RECORDS SHOWN:

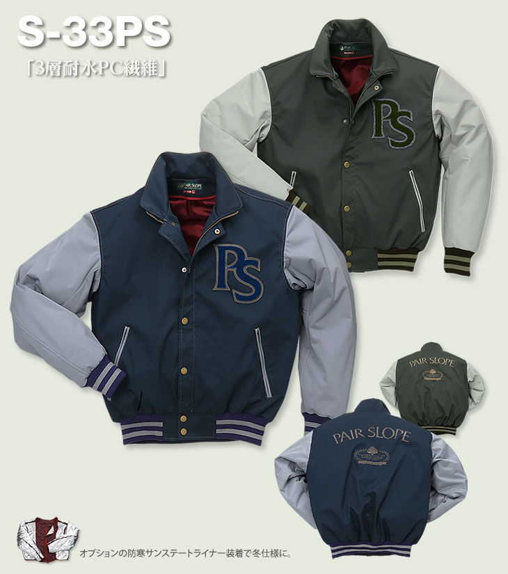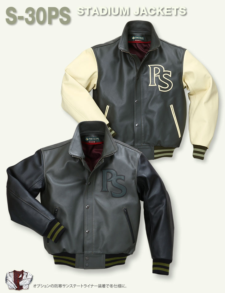 ペアスロープの革ジャンで唯一胸マークがついているのがスタジャン。これはアメリカでのチームウェア目的の流れで、背中にも大きなマークをつけているものが多い。まあ、ペアスロープの場合は少々控え目ではあるが、あなたのオリジナル文字も革で縫い付け可能なので、ご希望の方はいちばん下のご案内をご覧下さい。
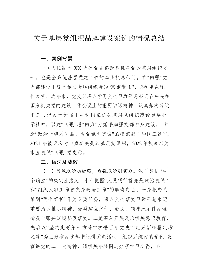 / 关于基层党组织品牌建设案例的情况总结
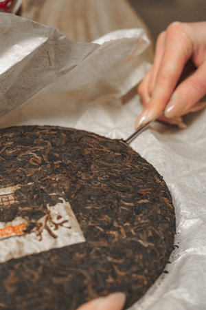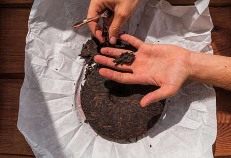 Shu Puerh cake chinese fermented black tea in white paper with knife. Male hands hold chip break pressed old round form ripened dark pu-erh into pieces Healthy invigorating drinks coffee substitute.
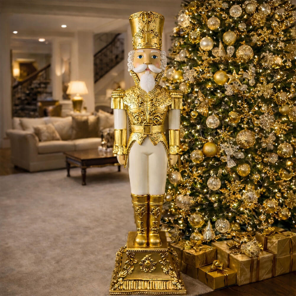 Una impresionante decoración navideña de resina dorada para una Navidad elegante y majestuosa.
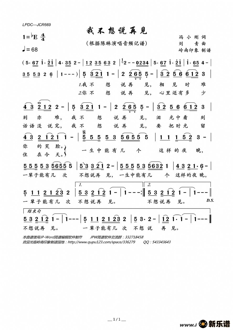 《我不想说再见》最新曲谱 陈琳-岭南印象制谱
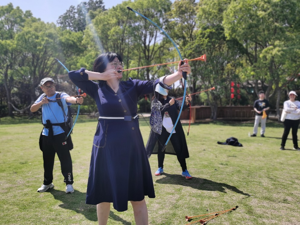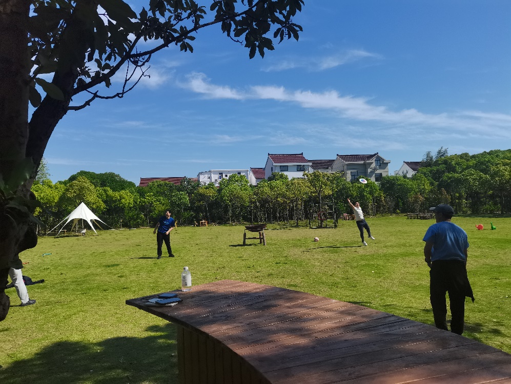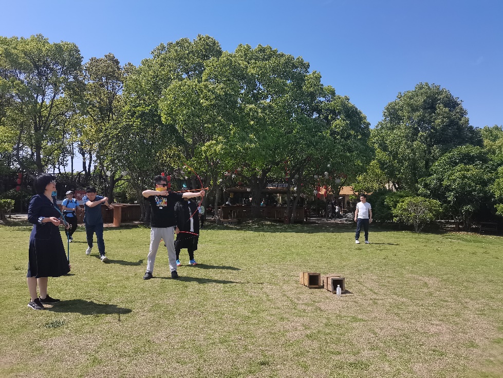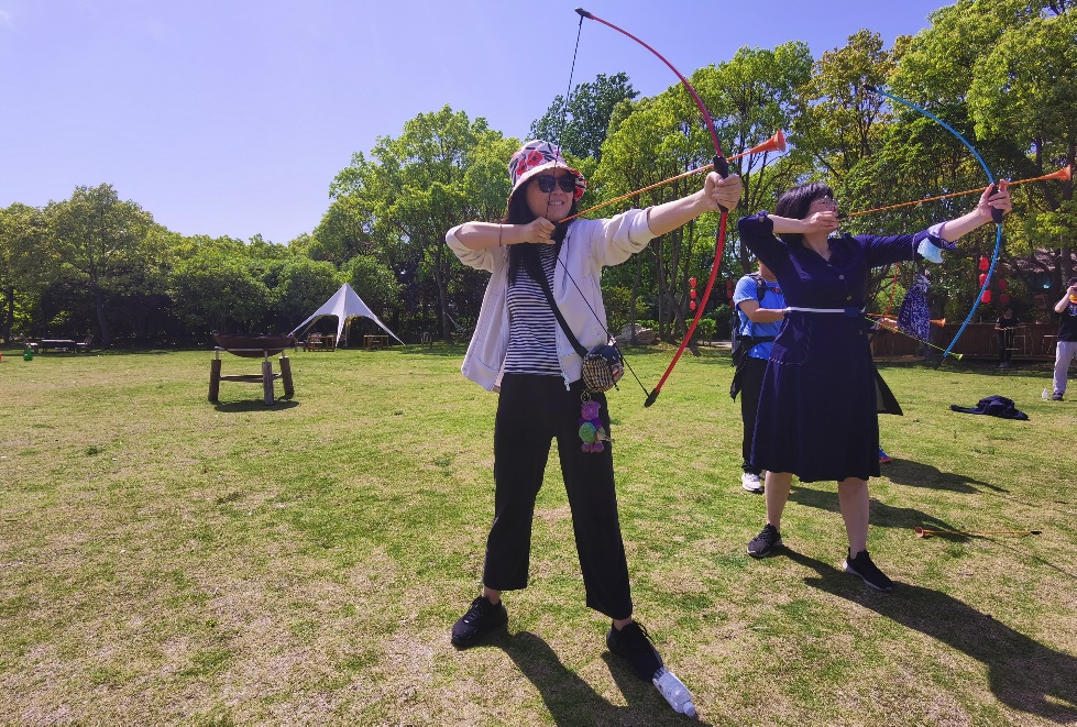 茶话会后,全体职工观摩了网剧拍摄现场,并与创作和演职人员团队进行了热烈的讨论交流;随后,品尝了“仙渡·隐仙谷”特色的地锅鸡午餐,体验了别具风味的美食。午餐过后,全体职工在谷内宽敞的草坪上开展了丰富多彩的户外活动,包括射箭、扔飞盘、荡秋千、踢足球和打掼蛋等。大家在这片绿意盎然的自然环境中尽情放松,感受阳光的温暖和户外运动的乐趣。
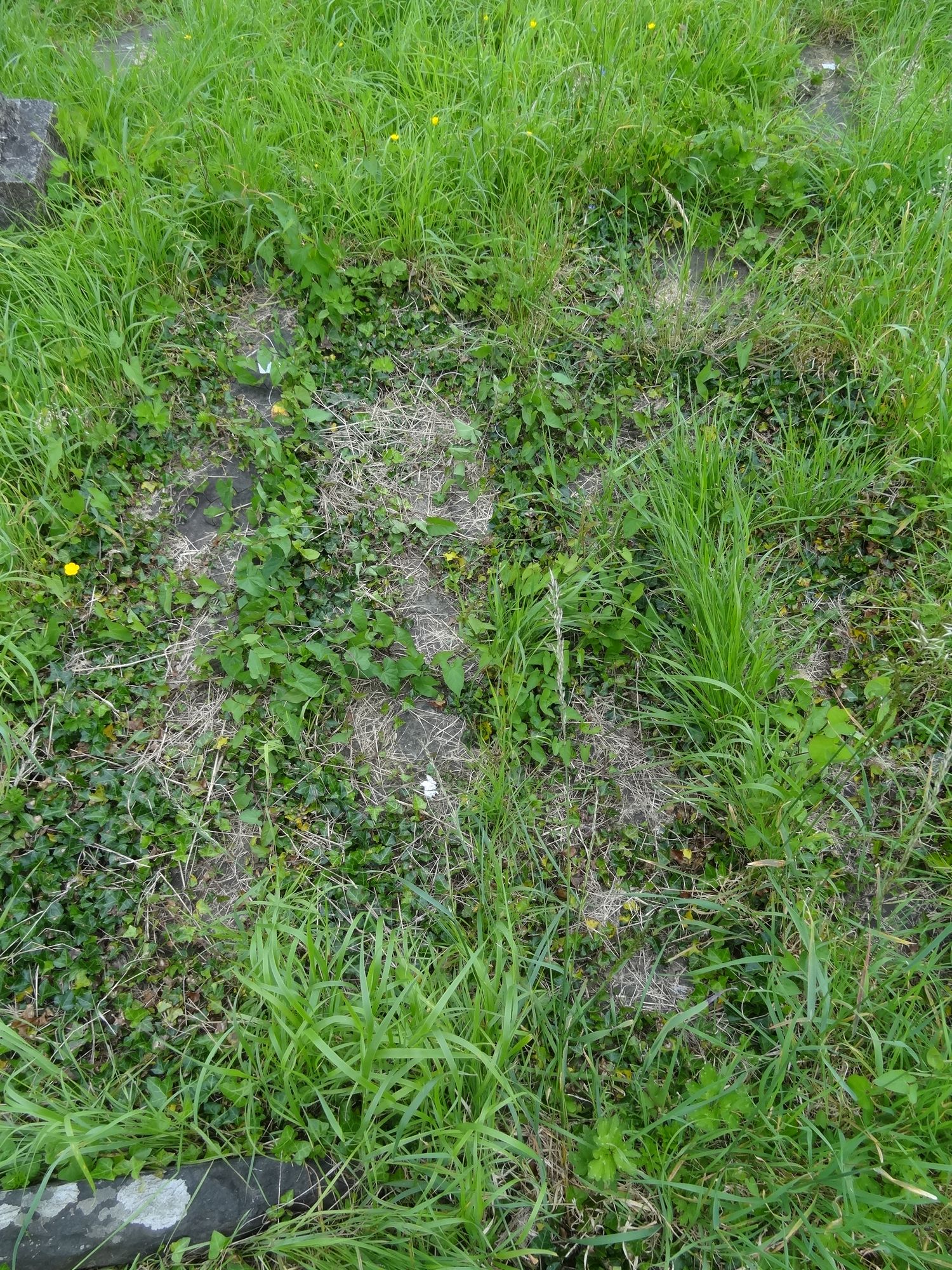No headstone Grave plot covered with flag stones.
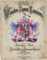 Illustration: color lithograph of the crest of the Yale "Cochlearureati," with an arm holding a wooden spoon above a shield, which has crossed wooden spoons in the upper left quarter and an upside down Phi Beta Kappa key in the lower right. The words "Super Sinistram Lugemus [We feel bad over the left]" written diagonally across the shield in a blue sash. "Honi soit qui mal y pense [Shame upon him who thinks evil of it]" written on either side of shield and "In hoc signo vinces [In this sign you will conquer]" underneath.
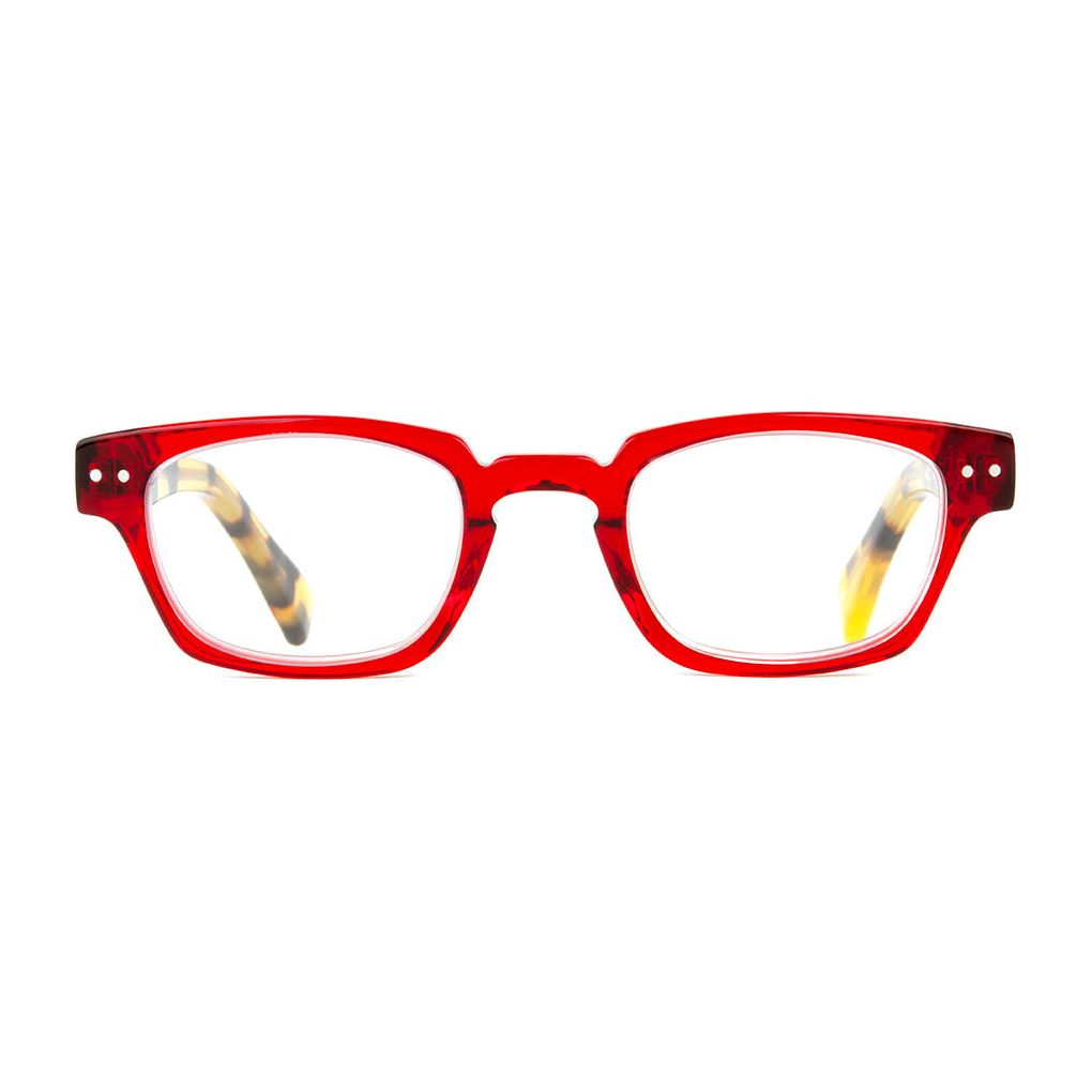 The George reader comes in an on-trend palette of translucents, featuring a keyhole bridge and uber-cool rivet details.
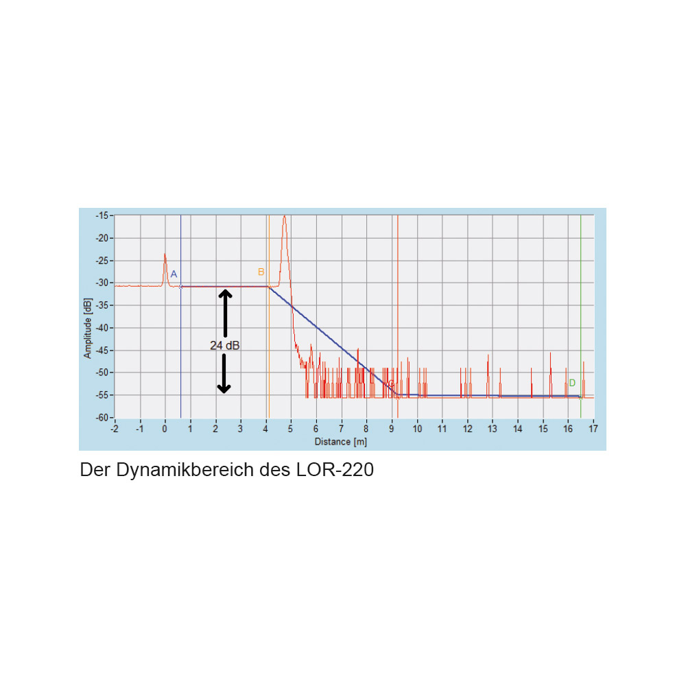 - Das Luciol LOR-200 ist im Vergleich mit einem Standard OTDR besonders hochauflösend und ermöglicht besonders kurze Totzonen beim Messen. Wichtig bei kurz aufeinanderfolgenden Ereignissen!

PROBLEM DESCRIPTION:
Reproduce each line of the records exactly, omitting any picture.

TASK RESULT:
 ペアスロープの革ジャンで唯一胸マークがついているのがスタジャン。これはアメリカでのチームウェア目的の流れで、背中にも大きなマークをつけているものが多い。まあ、ペアスロープの場合は少々控え目ではあるが、あなたのオリジナル文字も革で縫い付け可能なので、ご希望の方はいちばん下のご案内をご覧下さい。
 / 关于基层党组织品牌建设案例的情况总结
 Shu Puerh cake chinese fermented black tea in white paper with knife. Male hands hold chip break pressed old round form ripened dark pu-erh into pieces Healthy invigorating drinks coffee substitute.
 Una impresionante decoración navideña de resina dorada para una Navidad elegante y majestuosa.
 《我不想说再见》最新曲谱 陈琳-岭南印象制谱
 茶话会后,全体职工观摩了网剧拍摄现场,并与创作和演职人员团队进行了热烈的讨论交流;随后,品尝了“仙渡·隐仙谷”特色的地锅鸡午餐,体验了别具风味的美食。午餐过后,全体职工在谷内宽敞的草坪上开展了丰富多彩的户外活动,包括射箭、扔飞盘、荡秋千、踢足球和打掼蛋等。大家在这片绿意盎然的自然环境中尽情放松,感受阳光的温暖和户外运动的乐趣。
No headstone Grave plot covered with flag stones.
 Illustration: color lithograph of the crest of the Yale "Cochlearureati," with an arm holding a wooden spoon above a shield, which has crossed wooden spoons in the upper left quarter and an upside down Phi Beta Kappa key in the lower right. The words "Super Sinistram Lugemus [We feel bad over the left]" written diagonally across the shield in a blue sash. "Honi soit qui mal y pense [Shame upon him who thinks evil of it]" written on either side of shield and "In hoc signo vinces [In this sign you will conquer]" underneath.
 The George reader comes in an on-trend palette of translucents, featuring a keyhole bridge and uber-cool rivet details.
 - Das Luciol LOR-200 ist im Vergleich mit einem Standard OTDR besonders hochauflösend und ermöglicht besonders kurze Totzonen beim Messen. Wichtig bei kurz aufeinanderfolgenden Ereignissen!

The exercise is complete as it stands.